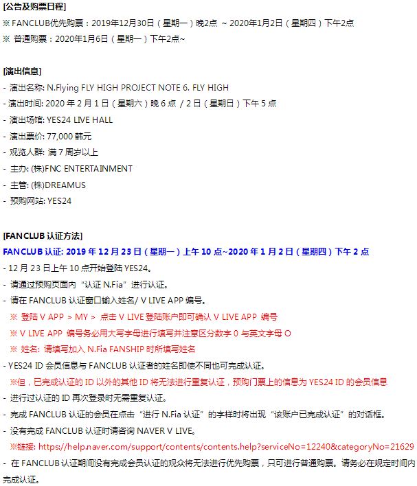 - 예매 페이지 내 ‘N.Fia 인증하기’를 통해 팬클럽 인증을 받아주시기 바랍니다.
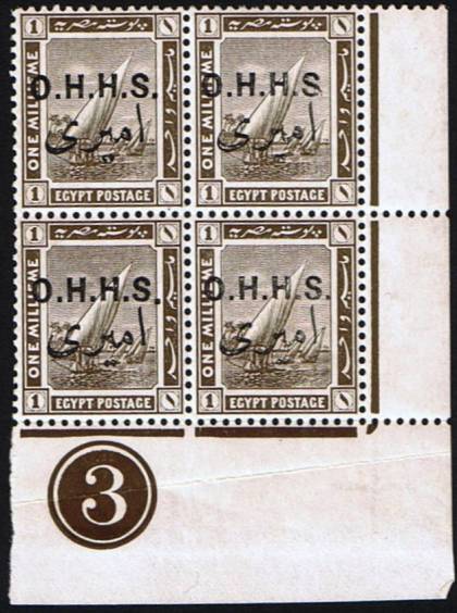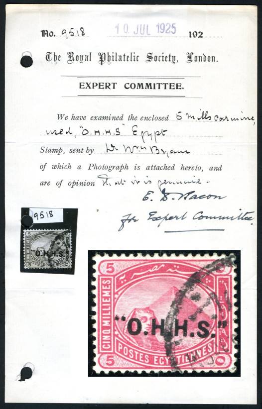 | 682 | 1913 “O.H.H.S.” overprint, the letters “O.H.H.S.” in inverted commas/quotation marks on Fourth Issue 5m. Stunning specimen of Egypt’s rarest Official stamp, of which only about 25 examples are known, all postally used, at Bani Suwef, Mina el Qamh, Alexandria, Tanta, Sohag & Port Tawfiq. This example is among the few known from the Mina el Qamh correspondence. Neatly cancelled by a 30+% strike of CDS showing Arabic “MINA A…” and partial dateline, it is from one the varietal positions on the 60-subject pane, its left-hand inverted commas missing most of their tails, appearing more like square stops (NP O8 var.). Signed “ela” (E L Angeloglou), with detailed Hass colour photocert and 1925 RPSL cert. (stamp submitted by Dr Byam). Great treasure among Egypt’s Official stamps  | £450.00 |
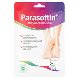 A Parasoftin - Vegán hámlasztó zokni egy innovatív megoldás a talp intenzív és kényelmes ápolására. A talpbőr károsodásának mértékétől függően a Parasoftin összetevői behatolnak a talp bőrébe, felpuhítják az elszarusodott réteget és lehámlasztják a bőrkeményedéseket. Az AHA/BHA savak hatékonyan stimulálják a bőr regenerációját és a bőrmegújító folyamatokat. A komplex kivonatok (növényi kivonatok: passiógyümölcs, citrom, szőlő és ananász, valamint alga és tengeri só vegán kivonatok), az urea, allantoin és a bio pamutolaj hidratálják a száraz bőrt, elősegítik a bőr regenerációját és az új bőr felépítését, ezáltal a bőr bársonyossá és puhává válik. A hámlasztó zokni gondosan kiválasztott összetevői biztosítják a láb intenzív hidratáltságát, bársonyosságát és puhaságát. Az alkalmazást követően a talp bőrének hámlása körülbelül a 4-7. nap közötti időben kezdődhet el. A lehámlott bőrréteget óvatosan távolítsa el, ne tépje be! A teljes regeneráció általában 7-12 nap után következik be.
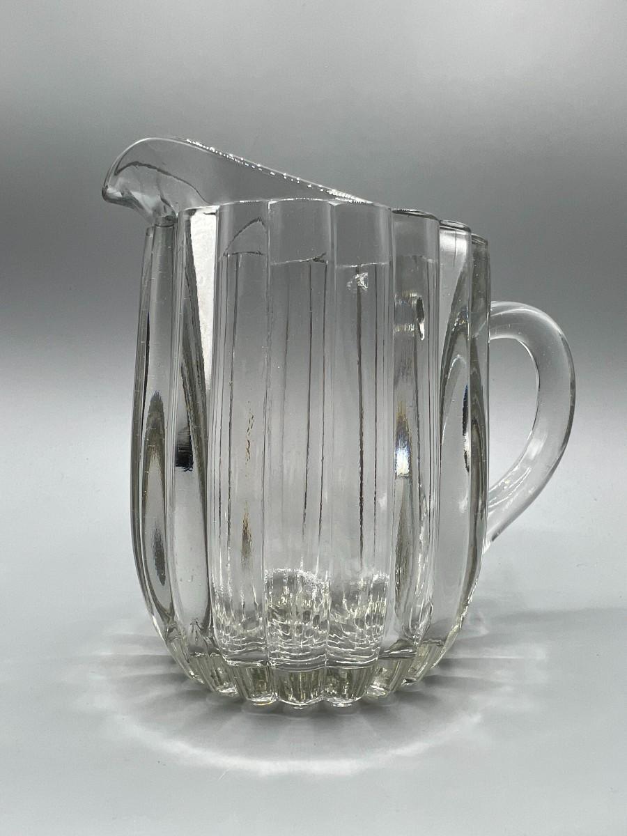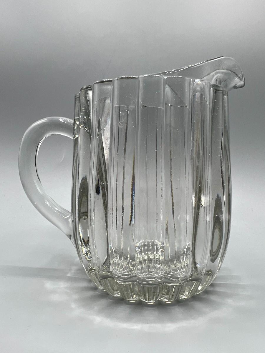 Vintage Ribbed Glass Hobnail Bottom Jeannette Glass Pitcher
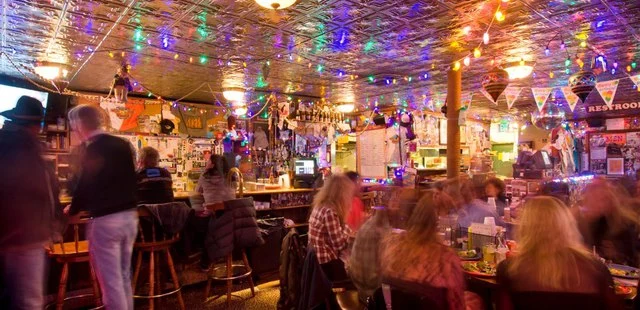 "A Wild West relic...a dive bar with funky décor, carnival lights, leopard-print upholstery, tchotchkes galore"
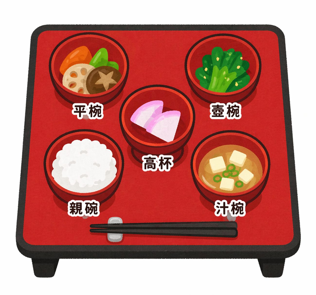 第一に、左手前に置くのが飯椀(めしわん)である。

┄┄┄┄┄┄

Only the lines from the one containing "Wild West relic...a" through the end of the listing should be output, word for word and inclusive; keep pictures out.

 "A Wild West relic...a dive bar with funky décor, carnival lights, leopard-print upholstery, tchotchkes galore"
 第一に、左手前に置くのが飯椀(めしわん)である。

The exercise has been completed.